Em quatro encontros online

Neste Advento, a Economia de Francisco convida-nos a redescobrir as razões da esperança

| 28 Nov 2023

Jovem grava podcast. Foto Movimento EoF

Os encontros poderão ser acompanhados em cinco idiomas (entre os quais o Português), na plataforma Zoom, a partir do link que já se encontra disponível na página d’A Economia de Francisco. Foto © Movimento EoF

 

Porque a política e a economia, as empresas e os negócios “não podem continuar a ser lugares de desespero”, e precisamos – mais do que nunca – de “aumentar os atos virtuosos e os exercícios de esperança”, o movimento A Economia de Francisco vai realizar, ao longo do Advento (tempo da espera e da esperança por excelência), quatro encontros online, que pretendem ajudar a redescobrir “as verdadeiras razões” dessa esperança. Os encontros serão gratuitos e abertos a todos, para que a esperança se torne “contagiosa, mais do que o desânimo”.

Subordinados ao mote “Esperar.
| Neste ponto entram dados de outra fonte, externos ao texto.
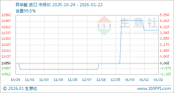 1月22日,生意社异辛酸基准价为11375.00元/吨,与本月初(11500.00元/吨)相比,下降了1.09%。

Há tempo para a paz e um tempo pela paz”, os encontros arrancam já esta semana e irão realizar-se todas as quintas-feiras do Advento, pelas 20 horas (hora de Lisboa), podendo ser acompanhados em cinco idiomas (entre os quais o Português), na plataforma Zoom, a partir do link que já se encontra disponível na página d’A Economia de Francisco, informa um comunicado enviado ao 7MARGENS.

Os encontros começarão com a reflexão de um orador convidado e cada um dos quatro oradores fará a sua intervenção a partir de um “lugar significativo” do planeta. A primeira reflexão, subordinada ao tema “A esperança não vã na terra do ainda não”, caberá ao economista e investigador Luigino Bruni, coordenador científico d’A Economia de Francisco, que a fará a partir do Santuário da Natividade em Greccio (Itália), local onde São Francisco de Assis teria criado o primeiro presépio da História.

Cartaz iniciativa de advento dA Economia de Francisco

Os encontros começarão com a reflexão de um orador convidado e cada um dos quatro oradores fará a sua intervenção a partir de um “lugar significativo” do planeta.

De Florianópolis, no Brasil, o padre Vilson Groh, dedicará a sua intervenção – que abrirá o segundo encontro – ao tema “Sempre tereis pobres entre vós (Mc. 14, 7)”. Diretamente de Belém, o economista Fadi Kattan e o Caritas Baby Hospital testemunharão o que significa “Não descansar enquanto não houver paz” no terceiro encontro. E, finalmente, da Praça São Pedro, que abriga o Monumento aos Migrantes “Anjos Desconhecidos”, Amaya Valcarcel, do Serviço Jesuíta aos Refugiados, apresentará uma reflexão a partir do Evangelho de Mateus, capítulo 25: “Era estrangeiro e acolhestes-me”.

Os encontros, que incluirão também espaço para o diálogo e momentos artísticos, visam “reacender” a esperança “especialmente juntos, para recomeçar na política, nos negócios, nas empresas, que não podem continuar a ser lugares de desespero”, dizem os organizadores da iniciativa.

“Na verdade, existe – recordam os jovens do movimento – uma ligação profunda entre esperança e espera, como sugere o verbo esperar nas línguas espanhola e portuguesa no seu duplo sentido de esperança e espera. Não somos nós que geramos esta esperança, é uma dádiva e como tal nenhuma tristeza e desespero do presente pode roubá-la de nós”, concluem.